Rafael vivía al final de la calle Larga del llamado Reventón de Quintos, o barriada de Torresoto, en una casa tan modesta que
estaba a punto de ser declarada en ruinas, ya que hasta la tenía apuntalada en varios puntos y más de un ladrillo se le había
desprendido del techo; lo que le producía en invierno las inevitables goteras. Como vivía solo, la vivienda no estaba nunca muy
aseada que dijéramos y, cada vez que recibía una visita, el hombre tenía que andar quitando el polvo a las pocas sillas que tenía¸
estando atestados sus pocos muebles de toda clase de libros; especialmente folletones que solía vender y alquilar a las vecinas
del barrio. La comida se la hacían en el cercano bar de La Guapa, y se la llevaban o él iba a recogerla.

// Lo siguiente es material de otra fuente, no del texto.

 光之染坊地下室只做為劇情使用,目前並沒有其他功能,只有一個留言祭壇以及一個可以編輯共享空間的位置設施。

Muchas noches, a la salida del periódico, acostumbrábamos a visitarle, porque sabíamos que Rafael se recogía muy tarde. Unas
veces íbamos solos y, otras, acompañados de algún amigo. Cada vez que llamábamos a su puerta sus perros le avisaban con
sus ladridos y Rafael, que casi siempre se encontraba viendo la televisión en el enorme receptor que tenía, en seguida acudía a
abrirnos. Una vez, el maestro se nos quejó de que le habían robado un catavino de plata que la Cátedra de Flamencología le
había concedido por su labor de enseñante. Días después, Manolo Cano, acompañado por nosotros, le entregaría otro. Cuando
pasaba algún tiempo sin que fuéramos a verle, acostumbraba a mandarnos cartas manuscritas, contándonos algún problema,
por medio de un vecino que era guarda de los jardines de la Alameda Vieja. Como carecía de Seguro de Enfermedad, en cierta
ocasión le tramitamos el carnet de la Beneficencia Municipal, para que pudiera ser atendido si le fuera necesario.

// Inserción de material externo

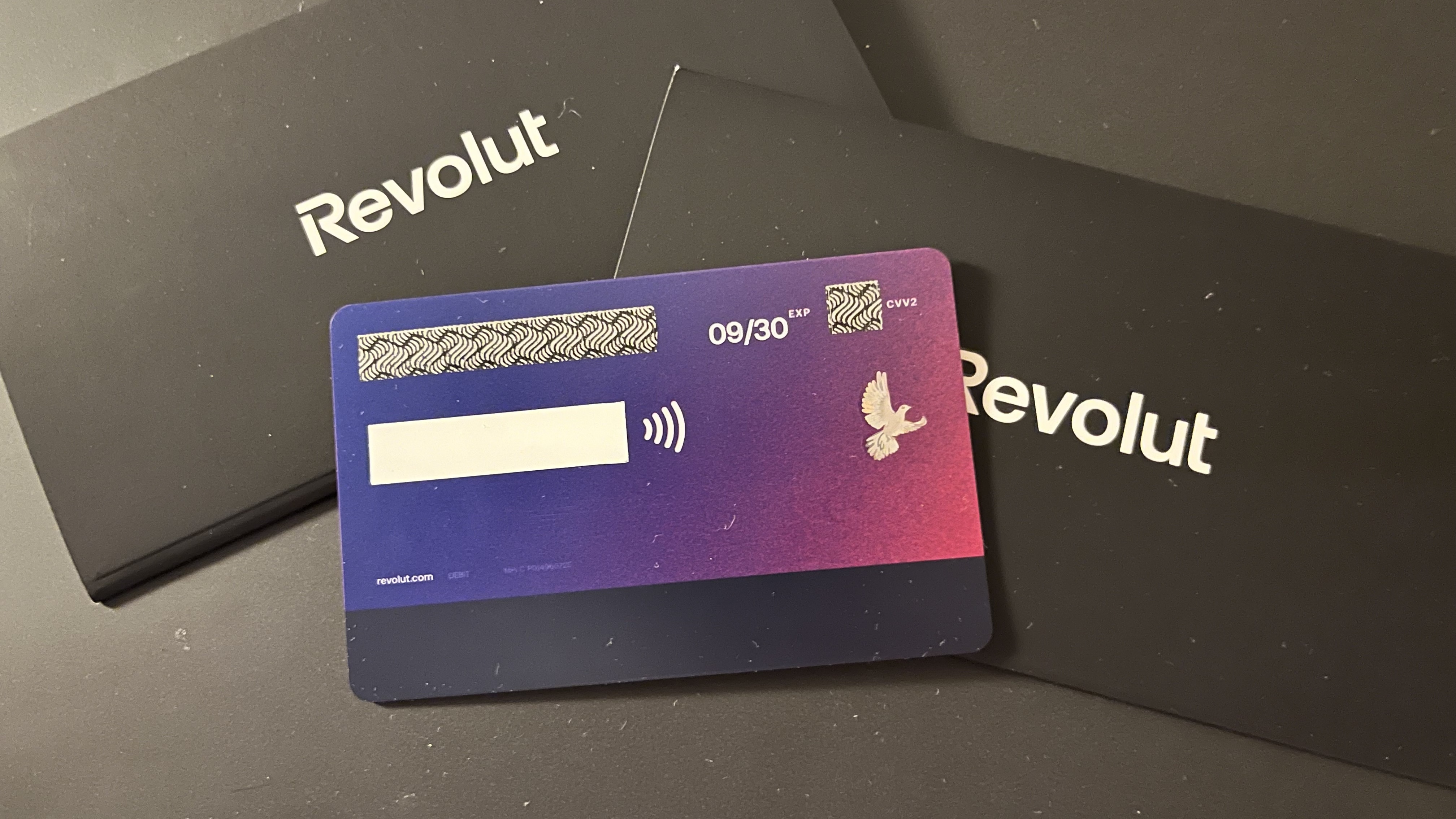 Die Revolut-Karte aus dem Bankautomaten hat zwei Rubbelfelder. Die beiden schwarzen Umschläge stammen aus den reinen Kartenausgabe-Automaten am Flughafen. (Foto: Andreas Sebayang / Handyhase)

Como el viejo maestro era enemigo de salir de su casa, más allá del bar de La Guapa, recordamos que cuando fue premiado por
la Cátedra nos puso mil excusas para no asistir a Villamarta a recibir dicho galardón. El último fue que no tenía ropa que ponerse
y, cuando le dijimos que le compraríamos un traje, se nos vino abajo, diciendo que se asfixiaría si subía la empinada cuesta de su
calle. Entonces le ofrecimos ponerle un coche a la puerta. Hicimos lo increíble porque fuera a Villamarta, pero fue imposible. No
hubo manera de convencerle. Rafael padecía de agorafobia, miedo a los espacios abiertos, y no saldría de su casa, en ninguna
circunstancia. Pero el premio se le llevó a su casa. Su arte se lo merecía. Y su persona, también.